More women are taking to Buddhism: First woman master
Sindh Today, Apr 19th, 2009
New Delhi, India -- A growing number of women are taking to Buddhism in India like in the West where two-thirds of the practitioners of the faith are women, Jetsunma Tenzin Palmo, the first Tibetan Buddhist woman master, said.
“Many young girls in Himachal Pradesh are opting to study Buddhism and become nuns, shunning the traditional role of housewives. After all, being a housewife means cooking, cleaning, looking after babies and playing a subservient role to men,” Palmo, who was among the first lot of western woman to be ordained as Buddhist nuns, told IANS in an interview.
The rinpoche (master), who was in the capital for a day on her way to her nunnery, Dongyv Gatsal Ling in the Kangra Valley of Himachal Pradesh, said women were better at practising the religion than men because “men often gave up the vows to become laymen”.
“But the women once ordained stick to it,” said the 66-year-old British Buddhist master.
Palmo, a former librarian from London, became a Buddhist at the age of 21 and came to Dalhousie in India to study the faith in 1961. “My mother also became a Buddhist after I became one,” she said.
“I was ordained as a nun in 1964,” she said.
Palmo, who has been through the harshest form of meditation like her male counterparts to become a master, has spent 12 years alone in a cave as part of her retreat in Lahaul in Himachal Pradesh.
“The retreat did not take a toll on me. In fact I felt quite safe in India,” said Palmo, who practised Vajrayana or tantrik Buddhism.
Recalling the story of her journey as a nun, Palmo said she decided to mobilise opinion in the Tibetan Buddhist community in the 1990s after a section of Buddhist lamas, mostly followers of her mentor, requested her to set up a nunnery.
“The first batch of nuns were a group of nine girls from Ladakh,” she recalled.
She said in her nunnery, they conduct 10-year study programmes for women. “After the women graduate, they either become teachers or go for long retreats to meditate and sometime work in nunneries. It spells freedom from the tedium of marrying and bearing children. Moreover, people are always happy to hear a woman’s voice for a change,” she said.
Palmo has travelled across the world to discourse on Buddhism to women, help revive the order of Tibetan Buddhists nuns and inculcate the faith in them.
“Given an opportunity, women can do better than their male counterparts in Buddhism,” she said.
“Women lost their pre-eminence in Tibetan Buddhism around 12-13th century.
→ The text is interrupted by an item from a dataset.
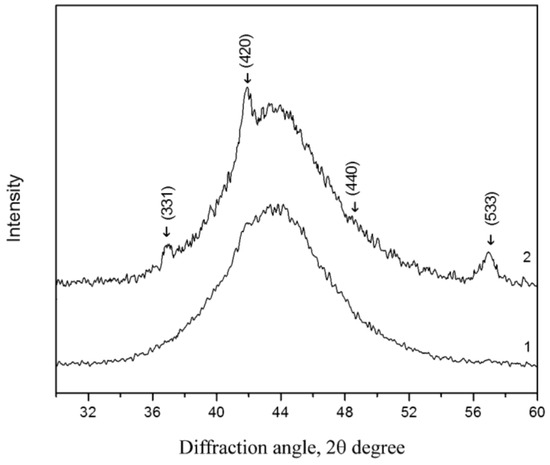 An X-ray diffraction pattern of the deformed Zr55Cu30Al10Ni5sample: central (1) and peripheral (2) parts of the sample. The location of the regions under study corresponds to regions 1 and 2 in Figure 1.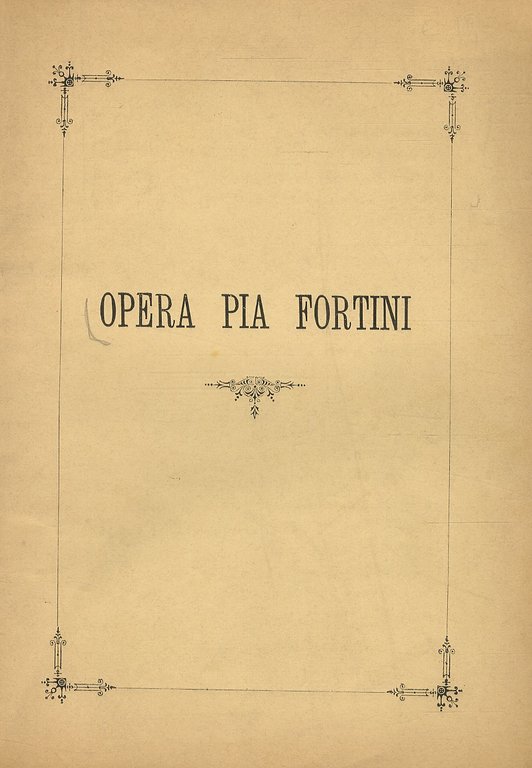 OPERA Pia Fortini. Statuto organico. Approvato con decreto Reale del dì 25 aprile 1886.

Several women masters or Buddhist yoginis were known to have meditated in the caves in the early years of the growth of Vajrayana Buddhism in Tibet in the 11th century, but once the faith became monastic and academic, women lost their place. In the monastic order, they were were seen as a threat to men and projected as inferior beings.
“The men sat on the thrones, cornered the texts and told the women that the nuns were second rung. So you have very few books on Buddhist nuns compared to that of men,” Palmo said.
But women, she explained, had the power to practise tantrik Buddhism like any man.
“We all have the potential to become Buddha at heart, even women. Vajrayana or tantrik Buddhism is a way of purifying our mind, body and speech through sacred chants and mudras (finger movements) and aligning it with those of Buddha. The Buddha nature is neither male or female. Anyone can acquire the luminous emptiness of mind,” she said.